An early version of this post was written in 2007. It has been revised and expanded since it addresses a topic that remains relevant: the relationship between religious belief and morality.
There was a great article by Dan Gardner published in The Ottawa Citizen. Unfortunately, it is no longer available online. When I read it in 2007, I noted that it was precisely the sort of pro-atheist article we atheists need to get out there more frequently. Gardner not only dispelled one of the most important myths about atheists but he also showed how the Christians who condemn us as immoral have to keep revising their criticism as it proves erroneous.
Here's my favorite part:
No, they say, we cannot be good without believing in an invisible spirit who, like Santa Claus, knows when we've been bad or good. No invisible spirit, no reward or punishment. No reward or punishment, and moral codes become empty words. Inevitably, atheists must conclude that morality is for suckers -- and so believers are, ipso facto, better people than non-believers.
Gardner explains that religion has been viewed as being necessary for morality for centuries but that believers are increasingly forced to confront the falsehood of this view as they encounter more atheists.
This has complicated the issue considerably because now everyone knows a few atheists who are not lying, thieving, murderous wretches. They work. They pay taxes. They have kids and don't beat them or sell them for medical experiments.
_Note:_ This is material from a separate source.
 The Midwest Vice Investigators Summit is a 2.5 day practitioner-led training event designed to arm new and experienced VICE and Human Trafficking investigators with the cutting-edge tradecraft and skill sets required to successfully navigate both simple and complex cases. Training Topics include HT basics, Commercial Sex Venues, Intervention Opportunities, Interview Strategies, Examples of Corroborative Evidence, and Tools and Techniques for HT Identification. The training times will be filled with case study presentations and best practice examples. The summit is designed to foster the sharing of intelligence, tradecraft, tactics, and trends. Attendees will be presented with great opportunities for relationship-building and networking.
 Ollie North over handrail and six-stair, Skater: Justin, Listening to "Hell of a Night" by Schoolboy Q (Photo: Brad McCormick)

How can this be?
An answer comes from the godless science of evolutionary psychology. "People have gut feelings that give them emphatic moral convictions," writes Harvard cognitive psychologist Steven Pinker, "and they struggle to rationalize the convictions after the fact." Those "gut feelings" are not the result of what we learned in Sunday school. "They arise from the neurobiological and evolutionary design of the organs we call moral emotions."
It would seem that those religious believers who are at least partially connected with reality have been forced to adopt a much weaker position regarding the relationship between religion and morality.
This has led believers to a subtler attack. "People who don't believe in God can be good," writes Reginald Bibby, a theist and University of Lethbridge sociologist. "But people who believe in God are more likely to value being good, enhancing the chances that they will be good."
So religion is no longer viewed as being required for morality but as merely facilitating moral behavior. Gardner and others have shot down that claim too, noting that some of the nations scoring at the top on a list of various indicators of morality happen to be among the least religious. When it comes to the claim that religious belief is required for one to be moral or even the softer claim that religious belief facilitates moral behavior, religious believers keep moving the goalposts.